Piani di evacuazione in casa Hayama, Kurata, Sasaki, Sugita: Akito, il mio tanto aitante quanto deficiente ex fidanzato, era indeciso se uscire dalla porta d’ingresso prima o dopo l’arrivo di Naozumi.
E la sua faccia la diceva piuttosto lunga: sempre il solito muro - sempre il solito mulo, sempre il solito muso - reso stavolta decifrabile dall’enorme dicitura “non so come potrei reagire”.
E, per una volta, lungi da me il contraddirlo.
La sua teoria - che ovviamente non intendeva comunicarmi (troppo avvilente, un uomo non si abbassa a condividere i suoi dubbi, oh no - sarcasmo stava diventando il mio secondo nome) - aveva come obiettivo il non-vedere-Kamura.
Prima opzione: uscire prima. Rischio: possibilità di incontro sul pianerottolo di uno dei quattro piani che ci elevavano da terra.
Rabbrividii alla prospettiva.
Seconda - ed ultima - opzione: rintanarsi in camera ed uscire successivamente all’arrivo del mio amico. Possibilmente - assolutamente! - una volta terminati i convenevoli e passati alla fase caffè. Con possibilità di non-incontro all’ingresso.
Tamburellai con le dita sul mio avambraccio sinistro, mordendomi un labbro per soffocare una risata.
Già non mi parlava, se l’avessi preso in giro avrei rischiato una morte precoce e vagamente dolorosa.
(Rabbrividii nuovamente, ma l’istinto di ridere non si placò.)
Vedere Akito Hayama impalato di fronte alla porta, a crogiolarsi nella ricerca del male minore (la possibilità “meno-peggio“) non aveva prezzo.
E l’impagabile stava nell’intuire che nel suo cervello il dubbio si prospettasse come un “gli spacco la testa ora, o gliela spacco dopo?”.
Megalomania.
Il tutto camuffato in un’apparente tranquillità.

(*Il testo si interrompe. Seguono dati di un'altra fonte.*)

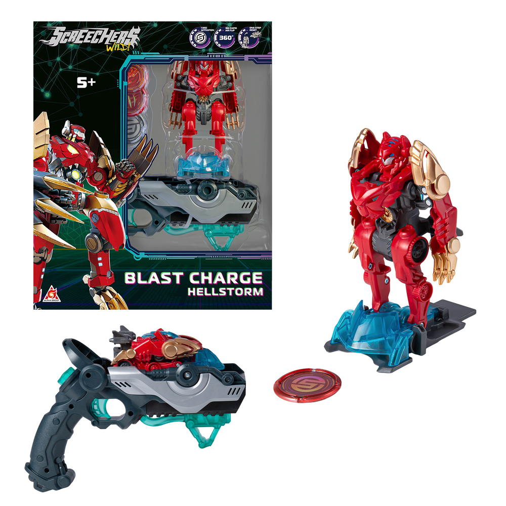 Будь готов к любым вызовам с линейкой Кибер Бласт Чардж! Скричер-Бластер имеет 2 режима игры: стреляй дисками и запускай Скричера! Поймав диск, твой Скричер сделает кувырок на 360° и трансформируется! Стань настоящим Кибер-стражем и покажи всем, на что ты способен!

Tremendamente orgoglioso - ah, fatti tutti con lo stampino, gli uomini. (*)
« Ne hai ancora per molto? » mormorai divertita.
Si girò di scatto, fulminandomi.
« E se volessi salutare Nao? ». Detto in tono disinteressato e monocorde.

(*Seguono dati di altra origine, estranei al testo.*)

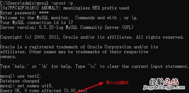 这种方式先登录MySQL数据库,然后选择需要导入的DB,最后再直接使用source命令导入sql脚本即可,如果没有任何错误信息输出,则说明sql脚本导入成功:

Sbuffai. « E’ già la seconda volta che mi prendi in giro, direi che è ora di trovare un diversivo » tergiversai, alludendo a quel suo patetico accenno di confidenza dovuto al “Nao”.
« Non ti prendo in giro »
« Ah, certo che no » scossi la testa.
Lui continuò ad ignorarmi - peraltro era ciò che meglio gli riusciva. Ed era irritante.
Aprì la porta.
« Dubiti di me? Sono Nao, io. » (**)
E sparì.
Akito non è mai stato un tipo loquace, né ironico. Di certo gliela doveva aver suggerita Gomi, questa.
E - ci avrei scommesso tutto - se la rigirava in testa già da chissà quanti mesi.

 

***


« Entra pure » sorrisi a trentadue denti, constatando con gioia che nessun livido addobbava il volto di Naozumi - ergo non aveva incrociato Akito, salendo.
Per fortuna.
Ci scambiammo un bacio sulla guancia.
« Accidenti, vedo che ti sei sistemata alla grande! » iniziò ad aggirarsi per il piccolo salotto, sorpreso.

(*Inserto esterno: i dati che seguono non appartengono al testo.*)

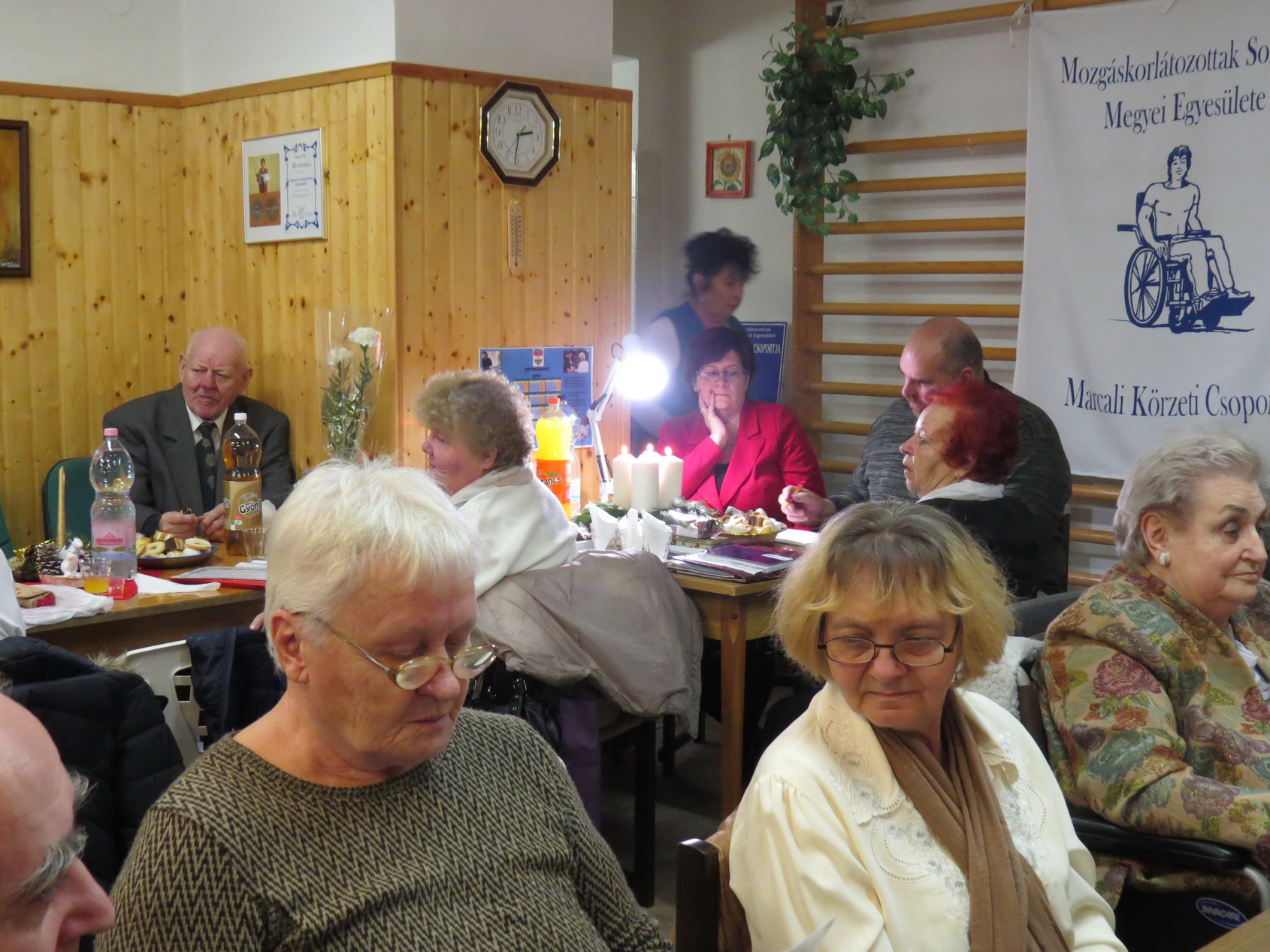 A Mozgáskorlátozottak Somogy Megyei Egyesület Marcali Körzeti Csoportja december 17-én tartotta Adventi rendezvényét és egyben a 2019-es év utolsó klubnapját a megújult Civilek házába. Ünnepségünket megtisztelte jelenlétével: Egyesületünk központjának munkatársai közül Sárdi Ágota és Bajzik Richárd, továbbá együtt ünnepelt a tagsággal Málovics Józsefné az „Egerszegi Alapítvány” elnöke.

Stava bene, Kamura. Era dimagrito, probabilmente a causa del perenne stress a cui era sottoposto, ma per il resto lo ricordavo esattamente così.
« Grazie » pigolai, leggermente sorpresa.
Dal suo punto di vista, abituato com’era al lusso del suo successo, di sicuro non era una “buona sistemazione”, la mia, ma apprezzai comunque.
Mi prese le mani. « Vestiti e usciamo, che ho una sorpresa per te. »

« Da quanto non lavoriamo insieme, eh? » mi abbracciò stretta dopo che l’undicesimo flash - li avevo personalmente contati - ci accecò.
Alzai gli occhi al cielo, facendogli una linguaccia.
Lui rise - dodicesimo flash.
« Secoli! » esclamai.
Dopo essermi cambiata in fretta e furia, Kamura mi aveva trascinata agli studi.
Aveva programmato tutto nei minimi dettagli con Rei, e una parte del mio cervello registrò che ormai non ci si poteva fidare più nemmeno del proprio agente.
Mi era stato offerto di fare da testimonial per la campagna di un’emergente marca d’abbigliamento - ma stavolta insieme a Naozumi.
E l’avevo scoperto all’ultimo, cioè dodici foto prima.
« Sai, ancora non mi spiego il perché » tredicesimo sorriso di entrambi, tredicesimo flash.
Mi voltai verso di lui; sembrava perfettamente tranquillo, anche se nascondeva negli occhi una punta di amarezza.
« Di cosa? » incalzai.
« del tuo ritiro dalle scene. Credevo saresti tornata, dopo.. Dopo.. »
« dopo la malattia? » lo anticipai.
Annuì, mi lasciai abbracciare, quattordicesimo scatto.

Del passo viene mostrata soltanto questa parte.